I am not aware of anything in writing that comes close to describing the 
totality of an algorithm similar to mine, and certainly have not seen any coded 
implementation of such an algorithm. I would urge you to read my prior papers 
cited as references.

`` However, you are right that it is a great algorithm and something that Kim 
Walisch of primesieve missed as he persisted in byte packing the PG5 residues 
into a byte "because it works out - eight values in eight bits" and missed that 
by so doing he is reducing the effective range of each CPU L1 cache range with 
a subsequent loss of efficiency. ``

I first emailed Kim my "The Segmente Sieve of Zakiya (SSoZ)" when released in 
2014 (7 years ago), and subsequent papers. He knows about my work, and if you 
start looking at his iterations of Primesieve you'll see it's incorporated 
aspects of it. And that's good! I was trying to make him aware of how to do his 
sieve better (and get him to do a C++ version of mine).

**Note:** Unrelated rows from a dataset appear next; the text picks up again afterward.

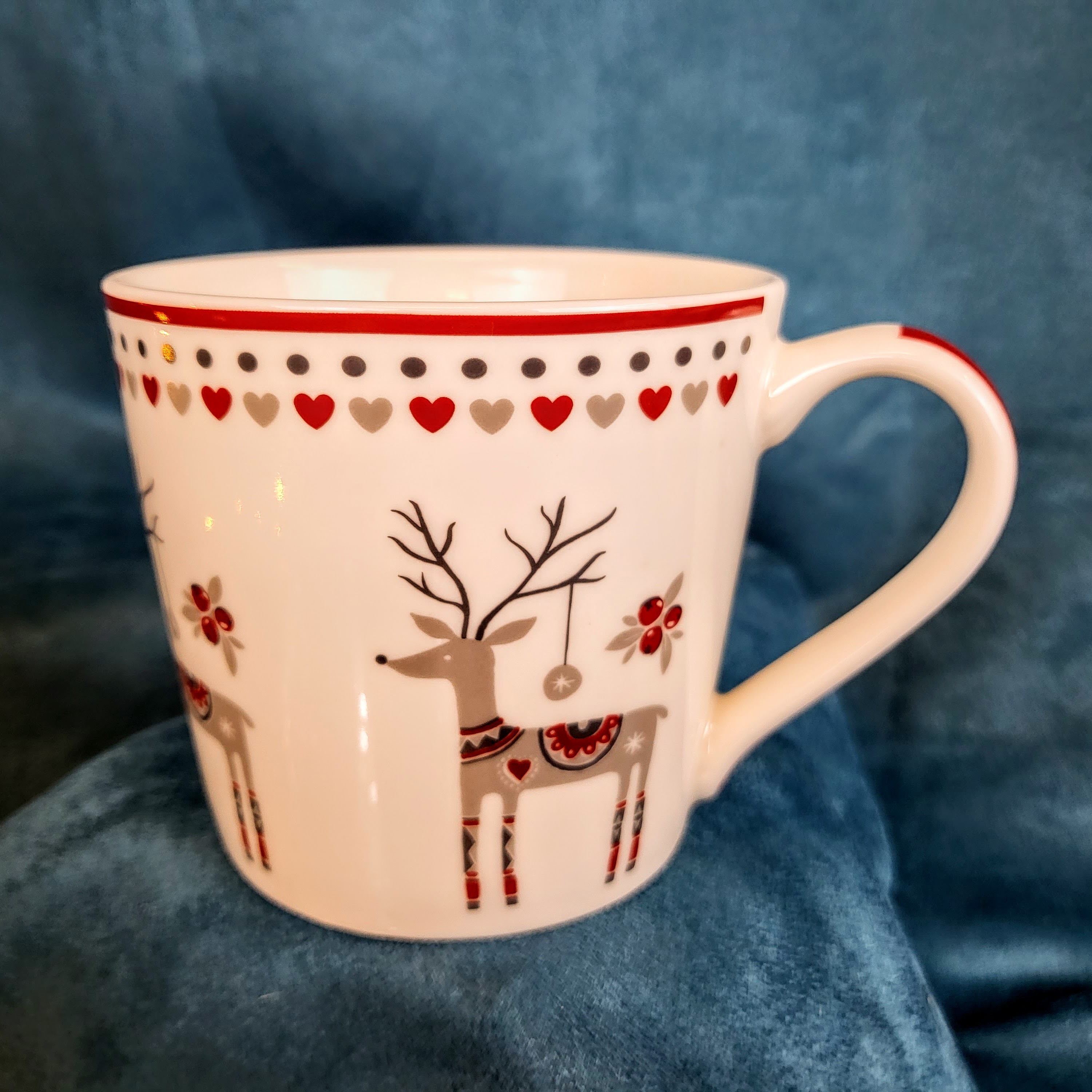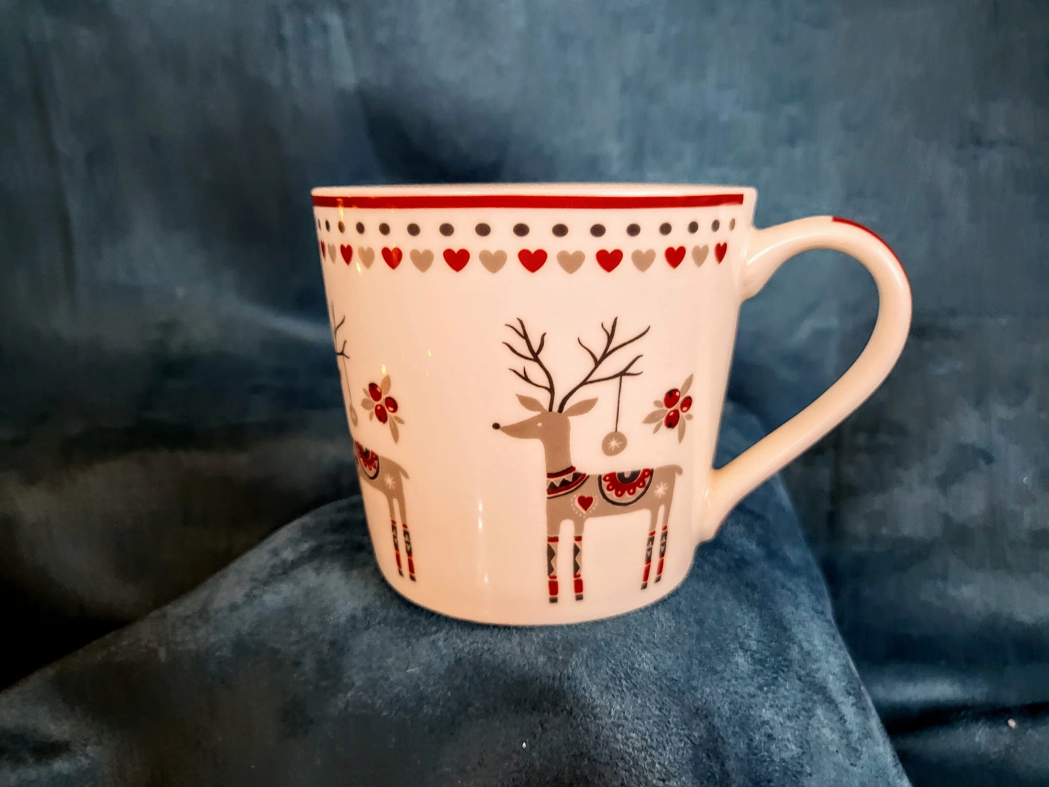 Ceramiczny biały kubek w urocze reniferki. Idealny pomysł na drobny upominek dla każdego wielbiciela picia ciepłych napoi na zimne jesienne oraz zimowe wieczory.
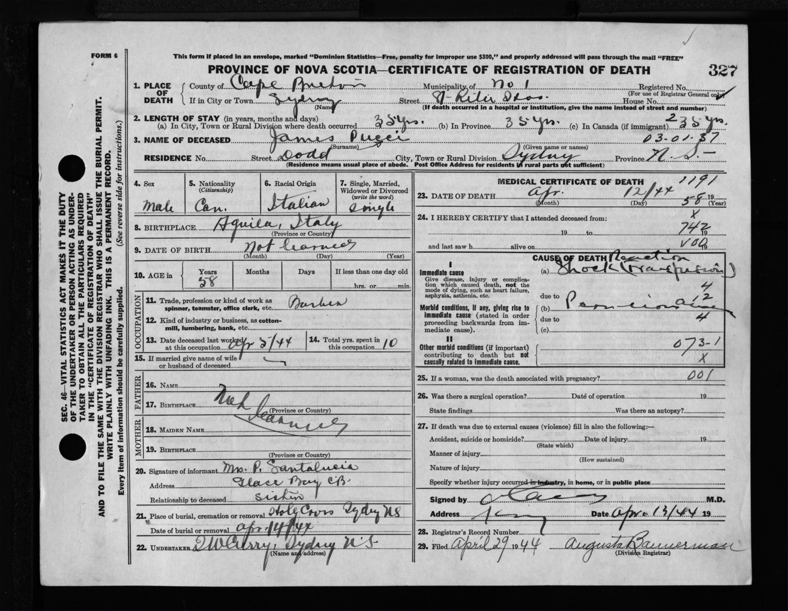 Male Death Registration: Year: 1944 file: 217 number: 327
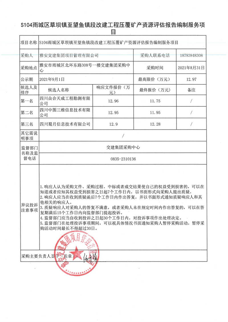 雅安交建集團(tuán)項(xiàng)目管理有限公司S104雨城區(qū)草壩鎮(zhèn)至望魚鎮(zhèn)段改建工程壓覆礦產(chǎn)資源評(píng)估報(bào)告編制服務(wù)項(xiàng)目評(píng)審結(jié)果公示
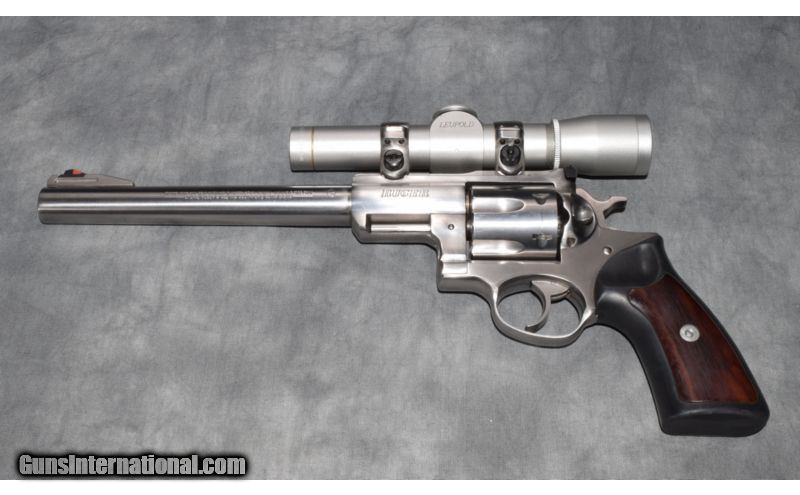 Description: Ideal Choice for Handgun hunting, or shooting bowling pins, the rugged stainless steel construction with no side plates is designed specifically to handle powerful magnum loads through extra metal in the top strap, sidewalls and barrel mounting areas. With an unique, single-spring mechanism allows for a smooth, light trigger pull. The triple-locking cylinder is locked into the frame at the front, rear and bottom for more positive alignment and dependable operation shot after shot. 44 Magnum models are dual chambered to also accept factory .44 Special cartridges. SOLD Caliber Info: 44 Remington Magnum Chambers: 6 round Cyclinder Metal Condition: Good - minor scrathes minor handling marks Bore Condition: Very Good - bright with deep rifiling Barrels: 9.5 inch Stainless Triggers: Single Action / Double Action Stock Dimensions: 13 inch Overall Sights: Factory Iron Sights, Leupold m8-2x extended Extras: Factory Box Item Location: Chesterfield, MI |
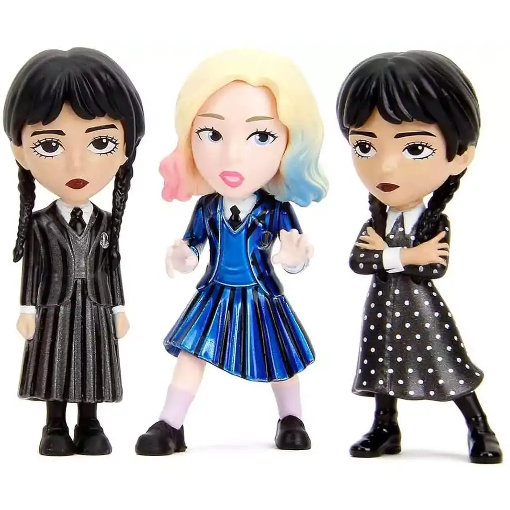 Među kolekcionarskim minifigurama nalaze se Wednesday u različitim odjevnim kombinacijama, kao i njezini prijatelji, poput Enid. Paket može sadržavati i jedinstvene male predmete - poput pisaće mašine, gavrana, svijećnjaka, knjige ili poznate ruke "Thing". Ovi detaljno izrađeni dodaci dodatno povećavaju doživljaj igre i omogućuju kreativnu igru uloga.
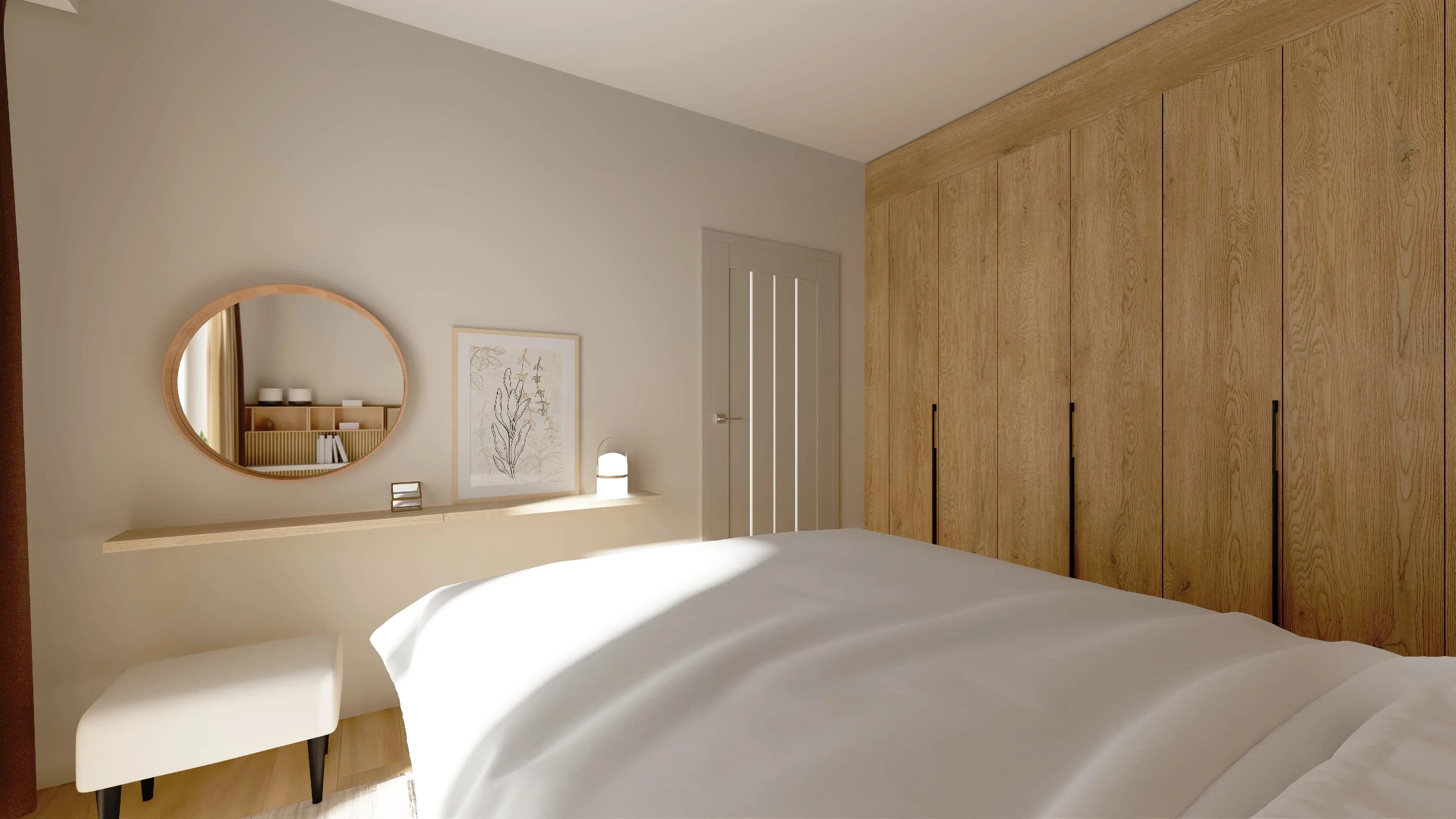 Sypialnia, choć niewielka, pełni rolę miejsca do odpoczynku i garderoby. Dwie szafy 140x240 cm tworzą pojemną zabudowę, a dzięki dopasowanym blendom wyglądają jak wykonane na wymiar. Na tapicerowanym łóżku z wezgłowiem można spokojnie się wyspać. Powieszone na ścianie półki spełniają funkcję szafki nocnej i toaletki, pozwalając zaoszczędzić przestrzeń.
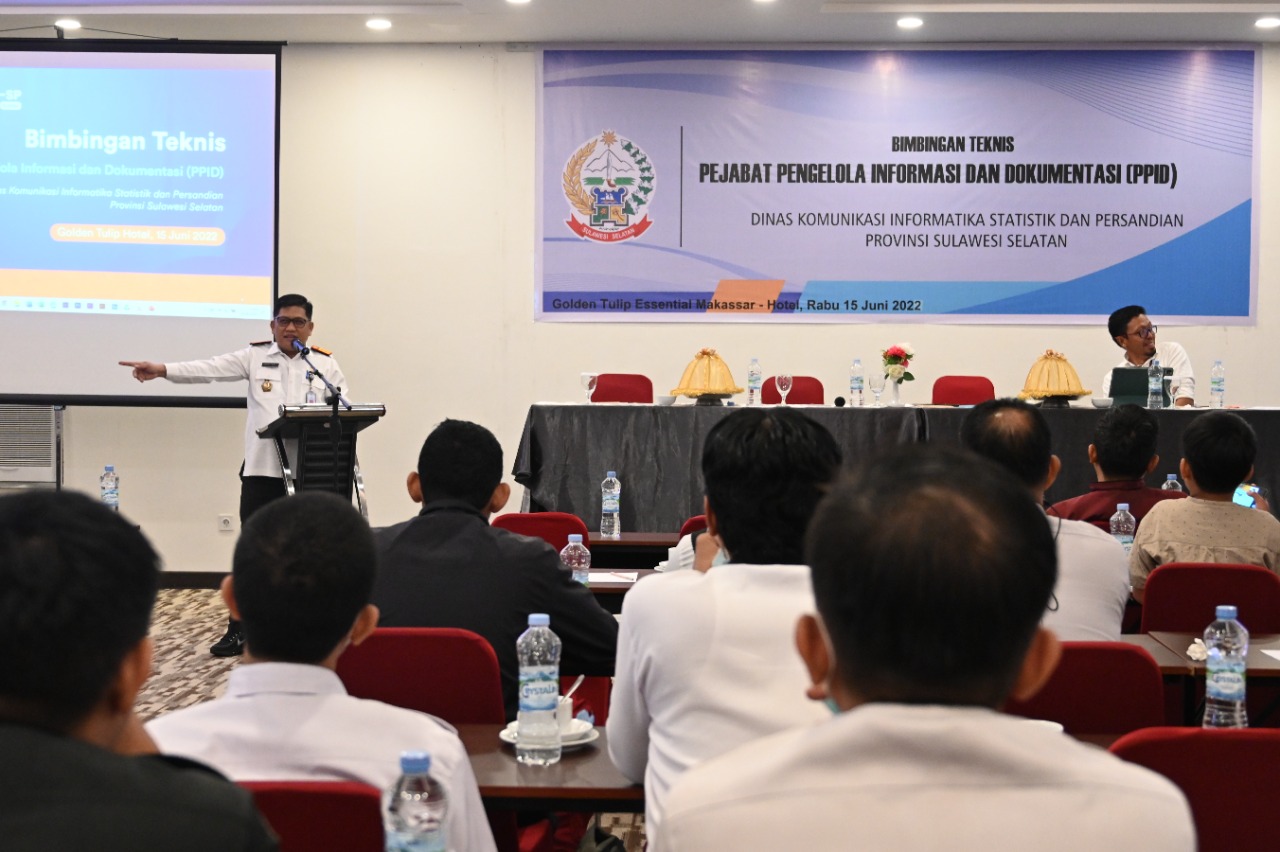 REPUBLIKNEWS.CO.ID, MAKASSAR — Guna memperkuat sinergi antar seluruh Pejabat Pengelola Informasi dan Dokumentasi (PPID) lingkup Provinsi Sulsel, Bidang Humas Diskominfo-SP Sulsel menggelar Bimbingan Teknis PPID di Hotel Golden Tulip Essential, Makassar, Rabu (15/06/2022). Kegiatan ini diikuti oleh seluruh PPID baik dari Kabupaten/Kota maupun dari OPD lingkup Provinsi Sulsel.
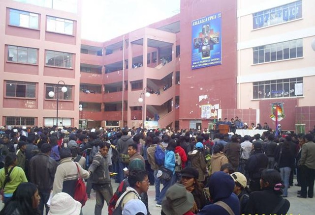 El Alto.- “30 mil estudiantes, más de 2 mil docentes y administrativos el día martes nos estaremos manifestando frente a la corrupción, al acoso sexual, al acoso laboral”, señaló uno de los dirigentes de los estudiantes.
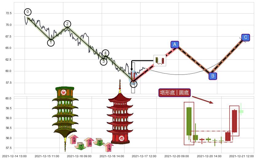 | 5 🅚:上升三部曲(升势三鸦) ➕ 🌊:波浪理论猜想下跌浪5已形成,猜想后续形成abc反弹上涨(均值回复) ☞ 看多信号 ⇥ 【🅚线】交织【图形】⇥ 综合量化分数: 59 | > |
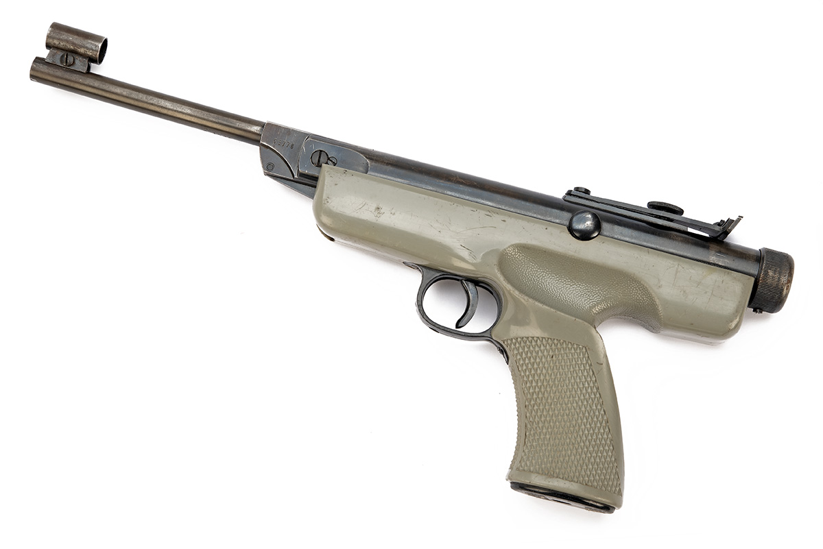 A .177 DIANA (ORIGINAL) MOD 6 RECOILLESS BREAK-BARREL AIR PISTOL serial no. 03778, in a later box, early production circa 1970, with 7in. sighted barrel, recoilless mechanism, light grey over-moulded grip, finish worn, in a later card box
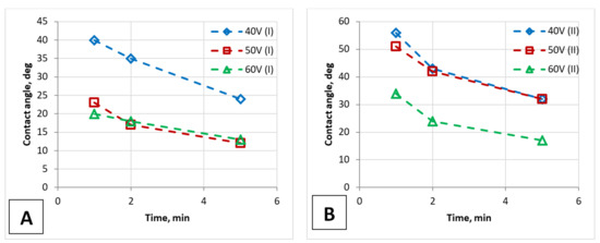 Demonstration of a PAA film’s surface wetting ability (contact angle): the graph for contact angles during the applying of a water drop on the PAA surfaces of the one-stage (A) and two-stage (B) anodized samples.
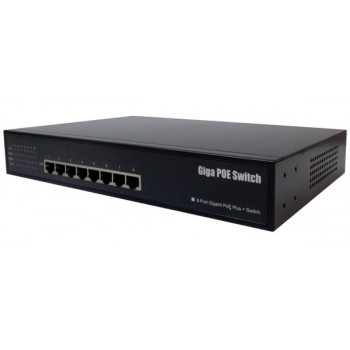 Switch PoE 8 puertos Gigabit 10/100/1000, 15.4/25.5W hasta 100 mts. por puerto, Fuente Interna |
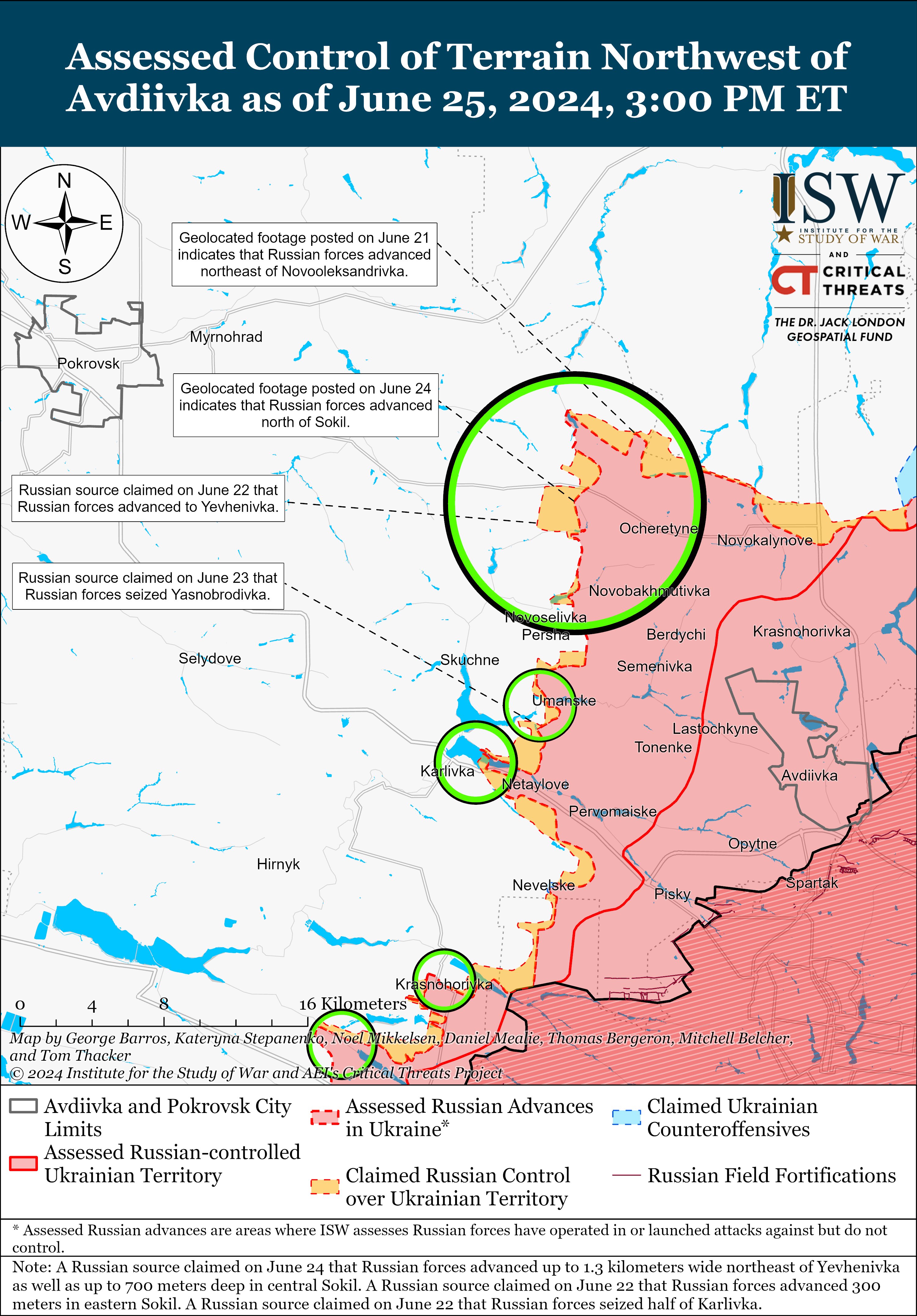 Российские войска недавно продвинулись на северо-запад от Авдеевки в направлении Покровска. Кадры от 24 июня свидетельствуют о продвижении оккупантов в районе к северу от села Сокол. А 25 июня российские «военкоры» распространили изображения, которые также подтверждают, что войска РФ удерживают позиции вдоль трассы O0544 Очеретино-Покровск к северо-западу от Очеретино.

But doing wheel factorization is just that, a means to reduce the number space 
starting from the total number space up to N. The optimum approach is to stay 
strictly within the number space of the Prime Generators, which is optimal by 
their structure for their given size.

`` Now, I am in process of writing a Sieve of Eratosthenes that uses all of the 
optimizations I mention here and more that should be up to about 20% faster 
than primesieve even for just counting primes, and if I adapted your twin 
primes technique to that it would also find twin primes much much faster.

It's also easy to see the optimizations that could make your code about twice 
as fast as it is currently... ``

Great! I look forward to seeing your code, and benchmark results.

There are two straightforward ways to further optimize my implementation: 1) 
Optimize the tuning algorithm to select the best segment size and PG for a 
given N or range, and 2) Give it more threads! In fact, this algorithm screams 
out for GPU implementations (Cuda/NVIDIA, Opencl, etc), and distributed 
networks (clouds).

Ok, now to address your non-technical comments.

`` While it's great that you are doing innovative things with Nim as your 
chosen language, naming this sieving algorithm after yourself as something 
unique is stretching things... ``

First off, I became aware of what I call Prime Generators in 2008. All my 
original development coding was done in Ruby (which I still use to prototype 
with). Then in 2014 I (by default) used C++ to do the Segmented Sieve of Zakiya 
(SSoZ), to be able to (back then on my laptop) use OpenMP for parallel 
processing. When I learned about Nim, and saw it could do (actual) 
multi-threaded processing, I began learning and using it. Its so much simpler 
and fun than C++ (much better syntax). So this has been an 11 year journey (so 
far) in continual learning.

It's interesting you raise an issue of naming my work after myself. I mean 
after all, if you look on wikipedia, besides the Soe, it has pages for the 
Sieve of Atkins, even though Daniel J. Bernstein as a grad student did all the 
programming for it 
([https://en.wikipedia.org/wiki/Sieve_of_Atkin)](https://en.wikipedia.org/wiki/Sieve_of_Atkin\)),
 and Sieve of Sundaram 
([https://en.wikipedia.org/wiki/Sieve_of_Sundaram)](https://en.wikipedia.org/wiki/Sieve_of_Sundaram\)).
 It was just logical to name the techniques after me so people knew who to 
contact about it.

But, again, thanks for being interested enough to read the paper and run the 
code. If you have any other questions or suggetions I'd be happy to hear them. 
I'm very interested in other innovative and imaginative implementations.